/---
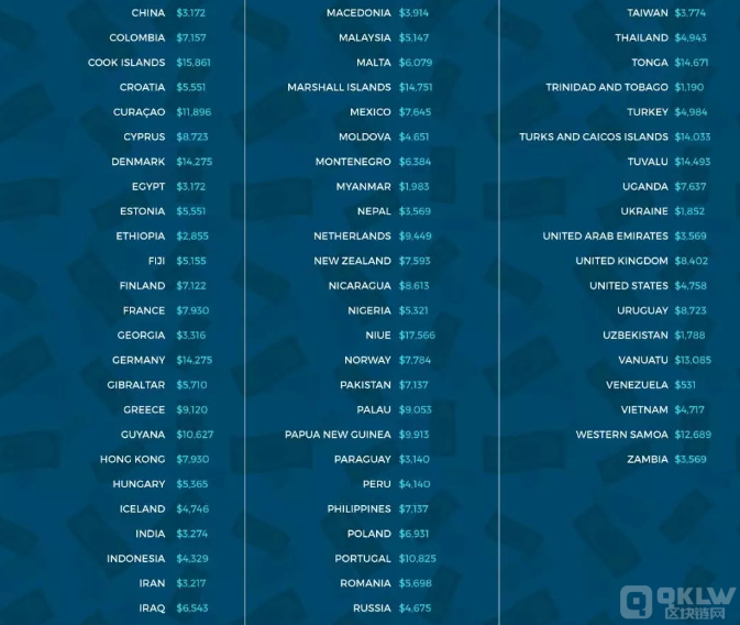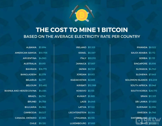 美国Crescent电力供应公司的一家子公司Elite Fixtures ,曾根据政府数据、公用事业公司数据以及IEA、EIA、OANDA等机构的世界报告,以平均电价为基础,研究了在115个国家每开采1枚比特币所花费的成本(此项研究是基于2018年年初时的开采难度以及蚂蚁矿机S9、蚂蚁矿机S7、阿瓦隆6的电力消耗进行计算得出的)。
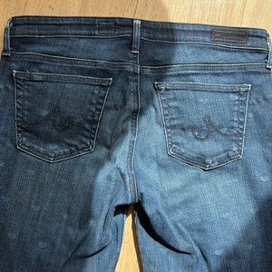 Super cute hearts dyed throughout these soft and comfy Adriana Goldschmied skinny leg jeans. Make your butt look great! No noticeable wear other than broke-in softness you can feel. Intentional fading of the heart of the back. Low-ish rise, regular inseam.
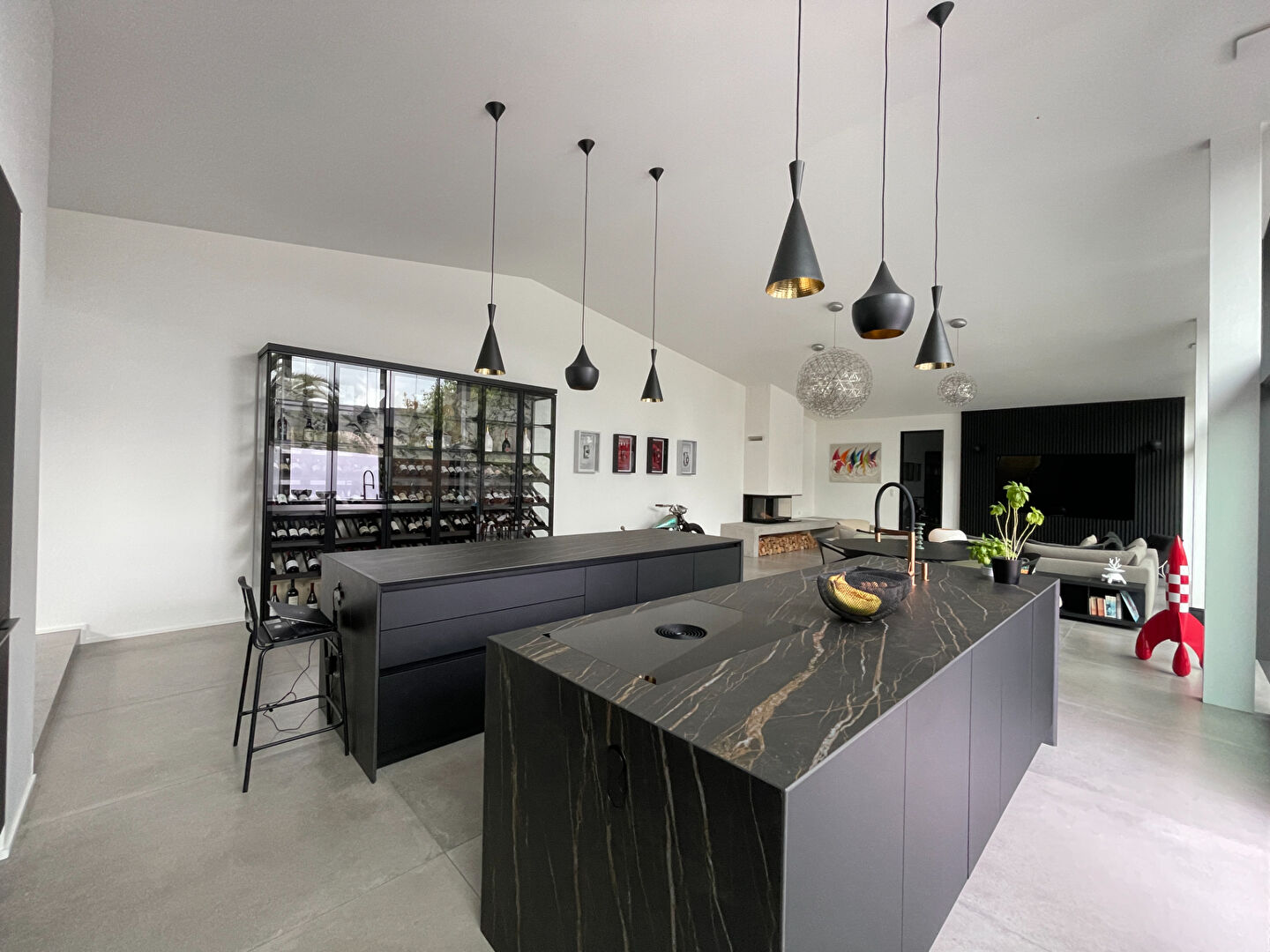 Ce loft coup de coeur unique sur le marché de 210 m² aux prestations hauts de gamme se compose d’une entrée avec placard, d’un séjour cathédrale de 100m² avec une cave à vins, une cuisine aménagée et équipée avec une arrière cuisine.
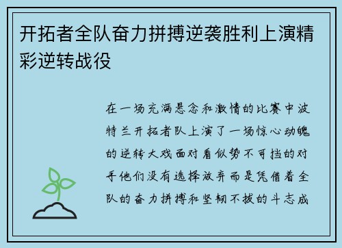 开拓者全队奋力拼搏逆袭胜利上演精彩逆转战役
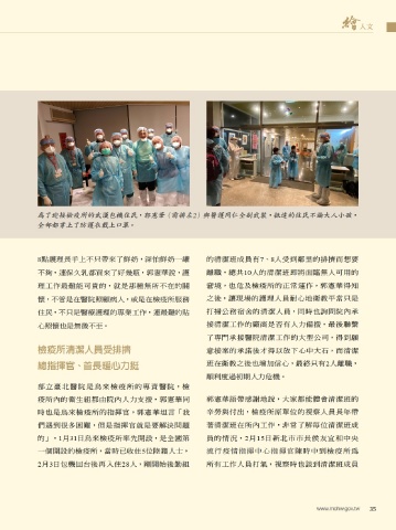懷,不管是在醫院照顧病人,或是在檢疫所服務 之後,讓現場的護理人員耐心地衛教平常只是
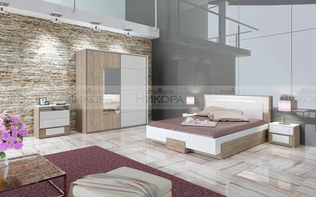 Спален комплект Нелия е в топла цветова комбинация. Леглото е с интересен дизайн и LED осветление на таблата. Разполага с повдигащи амортисьорни механизми за ползване на подматрачното пространство! Гардеробът притежава две плъзгащи врати с вътрешни механизми и огледало на една от вратите.
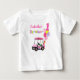 Denna t-shirt med en rosa prickig golfbil parkerad vid stigen, en födelsedagstårta och ljusa heliumballonger—med en stor nummer 1-ballong och typografi för "födelsedag" i pastellfärger.
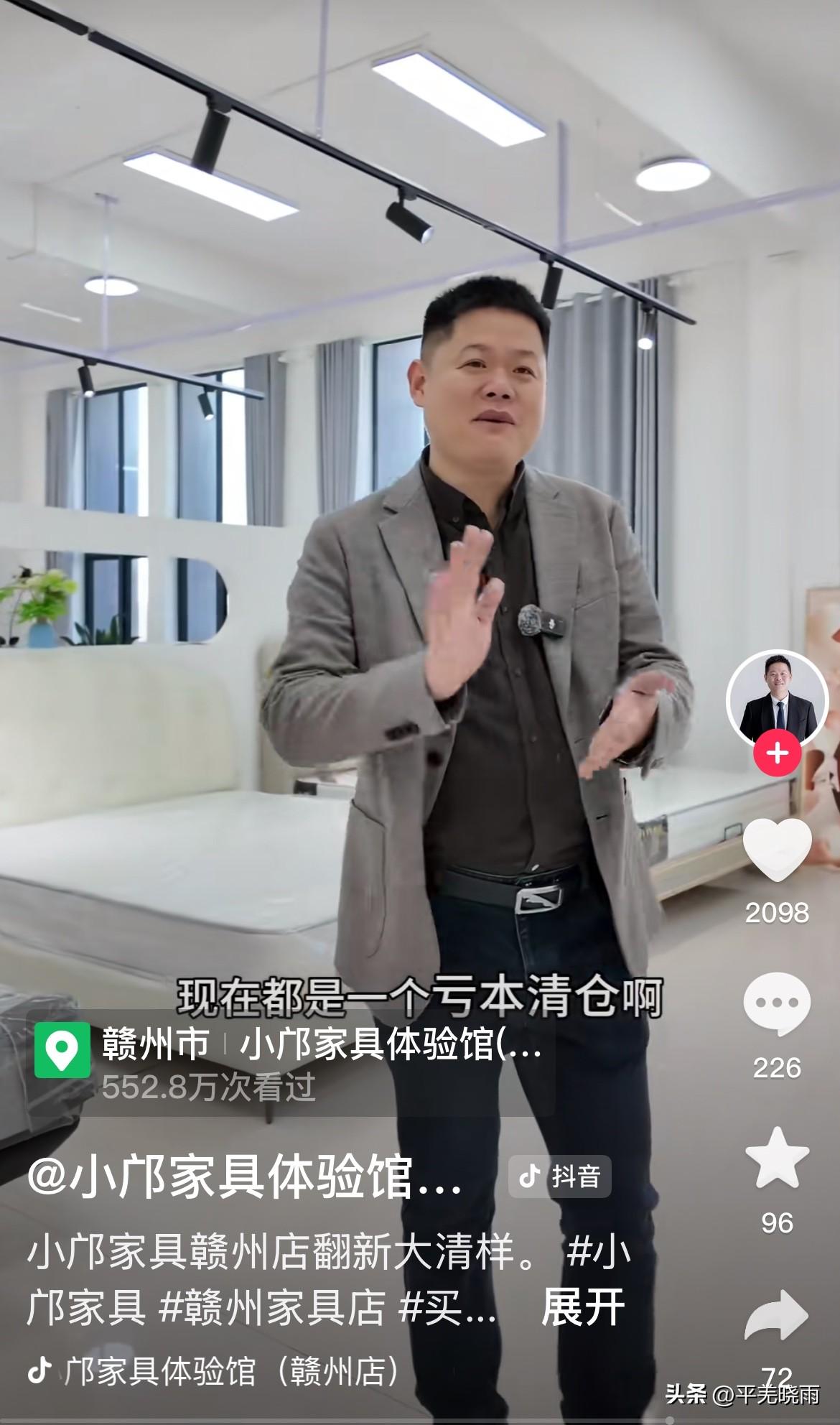 久未谋面的家具人邝总终于更新视频啦! 受炙热牛牛加盟店的影响,邝总大半年都没更新动态。 这次回归,邝总是为自己的家具店打广告。他在赣州的家具店正在翻新清样,优惠力度极大,原本大几千的沙发只需一千多,餐桌、椅子几百块,对买家而言,这确实是捡漏的好时机。 海哥称,他和邝总合伙开在吉安的店已经关闭,血本无归。 在当下大环境不佳的情况下,实体店实在太难了! 真不知道经济何时才能复苏,让咱们老百姓过上安心的日子! @小邝家具体验馆(南康店) @海哥量地球
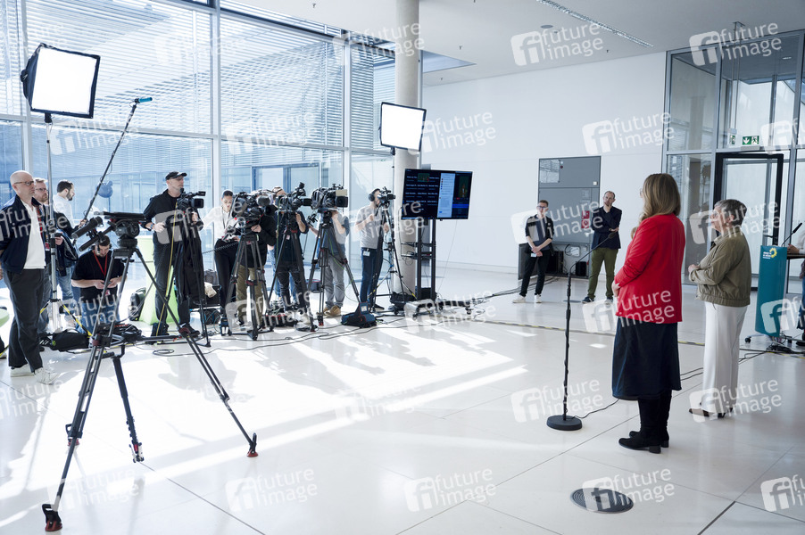Katharina Dröge und Britta Haßelmann bei der Fraktionssitzung der Bündnis 90/Die Grünen-Bundestagsfraktion im Reichstagsgebäude. Berlin, 30.04.2025
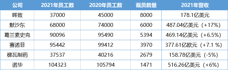 此外,根据医药魔方invest公众号,晖致、默沙东、GSK在2021年员工数量减少均超过5000人。
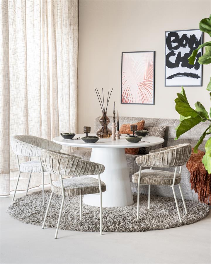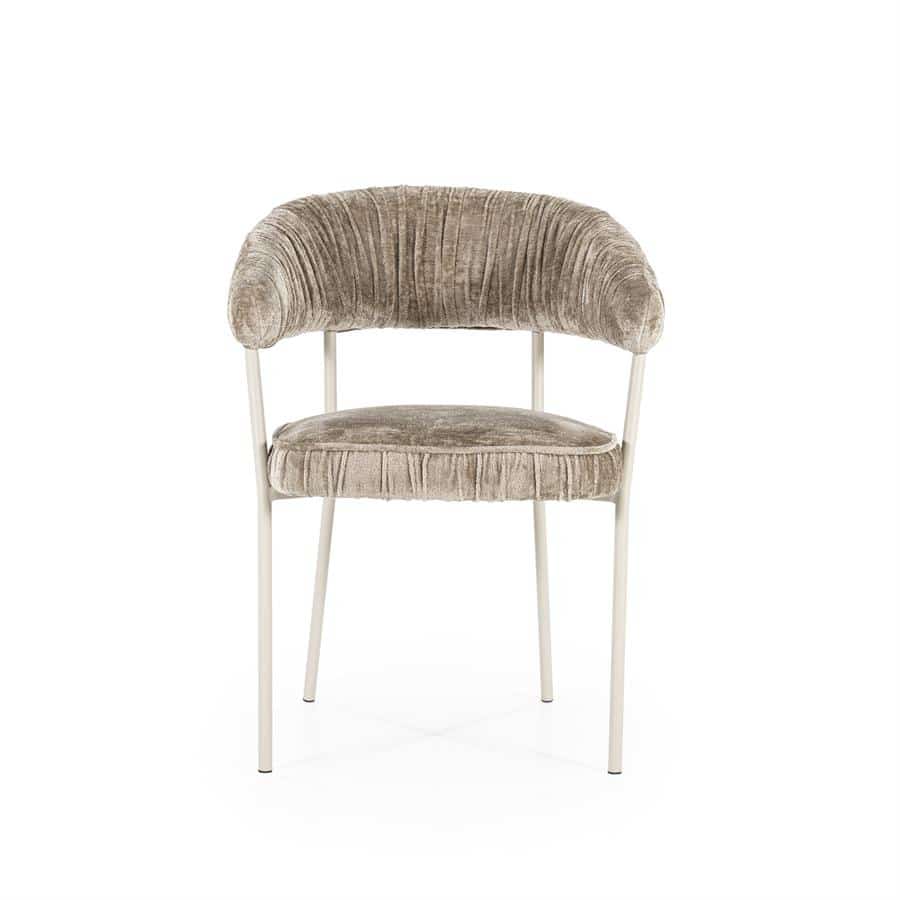 Ervaar ultiem comfort en stijl met Stoel Lizzy – taupe Femme. Deze elegante stoel combineert een zachte stoffen bekleding met een stevig metalen frame, afgewerkt in een verfijnde taupe tint. Met afmetingen van 59×60,5×79 cm en een zithoogte van 48 cm, is deze stoel perfect voor elke eetkamer of kantoorruimte. De luxe stof Femme voelt heerlijk aan en biedt een uitnodigende zitervaring. Het gecoate metalen onderstel zorgt voor stabiliteit en duurzaamheid, terwijl het moderne ontwerp een vleugje verfijning toevoegt aan je interieur. Voeg tijdloze elegantie toe aan je ruimte met Stoel Lizzy – taupe Femme en geniet van stijlvol en comfortabel zitten.
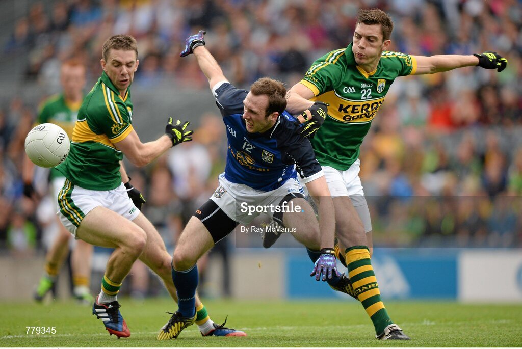 4 August 2013; Marc Ó Sé, left, and David Moran, Kerry, in action against Fergal Flanagan, Cavan. GAA Football All-Ireland Senior Championship, Quarter-Final, Kerry v Cavan, Croke Park, Dublin. Picture credit: Ray McManus / SPORTSFILE
\---
The output is the records exactly as they read, with no pictures in it.

 美国Crescent电力供应公司的一家子公司Elite Fixtures ,曾根据政府数据、公用事业公司数据以及IEA、EIA、OANDA等机构的世界报告,以平均电价为基础,研究了在115个国家每开采1枚比特币所花费的成本(此项研究是基于2018年年初时的开采难度以及蚂蚁矿机S9、蚂蚁矿机S7、阿瓦隆6的电力消耗进行计算得出的)。
 Super cute hearts dyed throughout these soft and comfy Adriana Goldschmied skinny leg jeans. Make your butt look great! No noticeable wear other than broke-in softness you can feel. Intentional fading of the heart of the back. Low-ish rise, regular inseam.
 Ce loft coup de coeur unique sur le marché de 210 m² aux prestations hauts de gamme se compose d’une entrée avec placard, d’un séjour cathédrale de 100m² avec une cave à vins, une cuisine aménagée et équipée avec une arrière cuisine.
 开拓者全队奋力拼搏逆袭胜利上演精彩逆转战役
懷,不管是在醫院照顧病人,或是在檢疫所服務 之後,讓現場的護理人員耐心地衛教平常只是
 Спален комплект Нелия е в топла цветова комбинация. Леглото е с интересен дизайн и LED осветление на таблата. Разполага с повдигащи амортисьорни механизми за ползване на подматрачното пространство! Гардеробът притежава две плъзгащи врати с вътрешни механизми и огледало на една от вратите.
 Denna t-shirt med en rosa prickig golfbil parkerad vid stigen, en födelsedagstårta och ljusa heliumballonger—med en stor nummer 1-ballong och typografi för "födelsedag" i pastellfärger.
 久未谋面的家具人邝总终于更新视频啦! 受炙热牛牛加盟店的影响,邝总大半年都没更新动态。 这次回归,邝总是为自己的家具店打广告。他在赣州的家具店正在翻新清样,优惠力度极大,原本大几千的沙发只需一千多,餐桌、椅子几百块,对买家而言,这确实是捡漏的好时机。 海哥称,他和邝总合伙开在吉安的店已经关闭,血本无归。 在当下大环境不佳的情况下,实体店实在太难了! 真不知道经济何时才能复苏,让咱们老百姓过上安心的日子! @小邝家具体验馆(南康店) @海哥量地球
Katharina Dröge und Britta Haßelmann bei der Fraktionssitzung der Bündnis 90/Die Grünen-Bundestagsfraktion im Reichstagsgebäude. Berlin, 30.04.2025
 此外,根据医药魔方invest公众号,晖致、默沙东、GSK在2021年员工数量减少均超过5000人。
 Ervaar ultiem comfort en stijl met Stoel Lizzy – taupe Femme. Deze elegante stoel combineert een zachte stoffen bekleding met een stevig metalen frame, afgewerkt in een verfijnde taupe tint. Met afmetingen van 59×60,5×79 cm en een zithoogte van 48 cm, is deze stoel perfect voor elke eetkamer of kantoorruimte. De luxe stof Femme voelt heerlijk aan en biedt een uitnodigende zitervaring. Het gecoate metalen onderstel zorgt voor stabiliteit en duurzaamheid, terwijl het moderne ontwerp een vleugje verfijning toevoegt aan je interieur. Voeg tijdloze elegantie toe aan je ruimte met Stoel Lizzy – taupe Femme en geniet van stijlvol en comfortabel zitten.
 4 August 2013; Marc Ó Sé, left, and David Moran, Kerry, in action against Fergal Flanagan, Cavan. GAA Football All-Ireland Senior Championship, Quarter-Final, Kerry v Cavan, Croke Park, Dublin. Picture credit: Ray McManus / SPORTSFILE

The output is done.